Zero Trust, as the name implies, means you have to assume you can’t trust anyone using your network. In the days before the cloud, you could set up a firewall and with some reasonable degree of certainty assume people inside had permission to be there. The cloud changed that, and Zero Trust was born to help provide a more modern security posture that took that into account.

The company wants to make it easier for developers to build identity into applications without a lot of heavy lifting. It sees identity as more than a way to access applications, but as an integral part of the security layer, especially in the context of the BeyondCorp approach. If you know who the person is, and can understand the context of how they are interacting with you, that can give strong clues as to whether the person is who they actually say they are.

This is about more than protecting your applications, it’s about making sure that your entire system from your virtual machine to your APIs are all similarly protected. “Over the past few months, we added context-aware access capabilities in Beta to C?loud Identity-Aware Proxy ?(IAP) and V?PC Service Controls ?to help protect web apps, VMs and Google Cloud Platform (GCP) APIs.
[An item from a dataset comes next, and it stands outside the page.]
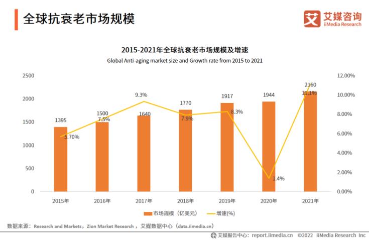 隨著全球人口老齡化的持續(xù)深化,“健康衰老”逐步發(fā)展成為新的消費市場。iiMedia Research(艾媒咨詢)數(shù)據(jù)顯示,2021年全球抗衰老市場規(guī)模為2160億美元,同比增速達11.1%。特別在中國消費升級、健康需求深化的情況下,中國延緩衰老的需求日益增長,抗衰老行業(yè)持續(xù)擴容。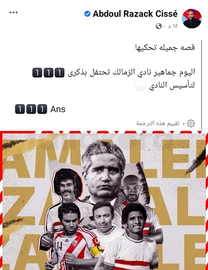 احتفل رزاق سيسيه لاعب الفريق الأول لكرة القدم بنادي الزمالك، بمرور 111 سنة على تأسيس القلعة البيضاء.

Today, we are making these capabilities generally available in Cloud IAP, as well as extending them in Beta to C?loud Identity? to help you protect access to G Suite apps,” the company wrote in an introductory blog post.

Diagram: Google

This context-aware access layer protects all of these areas across the cloud. “Context-aware access allows you to define and enforce granular access to apps and infrastructure based on a user’s identity and the context of their request. This can help increase your organization’s security posture while giving users an easy way to more securely access apps or infrastructure resources, from virtually any device, anywhere,” the company wrote.

The G Suite protection is in beta, but the rest is generally available starting today.